Senior U.S. government officials have quietly traveled to Caracas in the latest bid to bring home detained Americans and rebuild relations with the South American oil giant as the war in Ukraine drags on, forcing the U.S. to recalibrate other foreign policy objectives.
By NBC News
Jun 28, 2022
A U.S. State Department spokesperson described the trip as a welfare visit focused on the safety of several U.S. citizens detained in Caracas, including a group of oil executives from Houston-based Citgo jailed more than four years ago. The delegation includes Roger Carstens, the special presidential envoy on hostage affairs, as well as Ambassador James Story, who heads the U.S. government’s Venezuelan Affairs Unit out of neighboring Colombia.
President Nicolás Maduro confirmed the visit during televised remarks, saying the delegation would meet with a trusted ally, National Assembly President Jorge Rodríguez, to “give continuity to the bilateral agenda between the government of the United States and the government of Venezuela.”
The visit follows a surprise trip in March by the two officials and Juan Gonzalez, the National Security Council director for the Western Hemisphere. That was the first White House trip to the county in more than two decades.

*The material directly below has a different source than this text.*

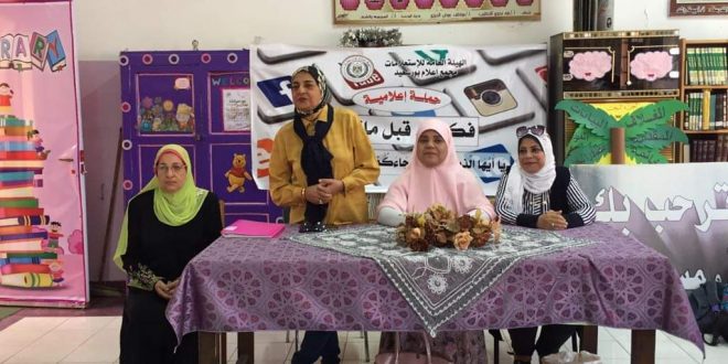 عقد مجمع إعلام بورسعيد التابع للهيئة العامة للاستعلامات ندوة بعنوان ” أضرار نشر الشائعات على المجتمع ” ضمن حملة ( فكر .. قبل ما تشير ) بالتعاون مع مديرية التربية و التعليم ببورسعيد و إشراف ادارة العلاقات العامة و الاعلام بقيادة الأستاذ محمد ضياء حيث عقدت ندوة بمدرسة 6 اكتوبر الثانوية بنات واستضاف فيها الدكتورة زينب السماحى استاذ علم النفس بجامعة بورسعيد بحضور الأستاذة مرفت الخولي مدير عام إعلام القناة و مجمع إعلام بورسعيد و الأستاذة هالة سمير مدير إدارة المدرسة والاستاذة نيفين بصلة أخصائي اعلام بمجمع إعلام بورسعيد و الأستاذة وئام مسئول إدارة العلاقات العامة بالمديرية والاستاذة مى السعيد والاستاذة امانى زين العابدين اخصائى المكتبة بالمدرسة و شارك فيها عدد كبير من الطالبات .

That trip resulted in the release of two American citizens who the U.S. considered unjustly detained and a promise from Maduro to jumpstart talks with his opponents. Months earlier, he had suspended the negotiations, led by Norwegian diplomats in México, after a key ally was extradited to the U.S. on money-laundering charges.

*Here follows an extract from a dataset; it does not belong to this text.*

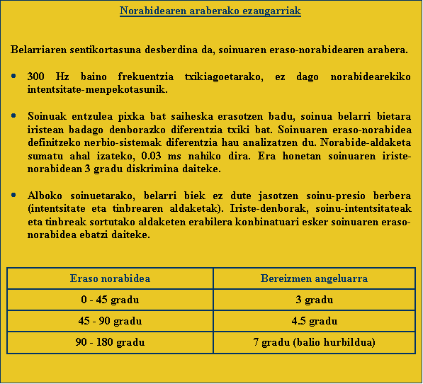 Belarriaren norabidearen araberako ezaugarriak

It’s unclear what else the officials are seeking to accomplish during the mission. But high on the list are likely to be Maduro’s demand that the U.S. lift crippling oil sanctions that have exacerbated hardships in what was once South America’s most prosperous nation.
Upon arrival in Caracas, Story met for two hours with Juan Guaidó, according to someone close to the leader of the U.S.-backed opposition. The two discussed efforts to jumpstart negotiations in México, according to the person on the condition of anonymity to discuss the private meeting.
Since the March trip, both the Biden administration and Venezuela’s socialist government have shown a willingness to engage after years of hostilities between Washington and Caracas over Maduro’s 2018 re-election, which was marred by irregularities. The U.S. and other nations withdrew recognition of Maduro after that election, and instead, recognized Guaidó as Venezuela’s legitimate leader.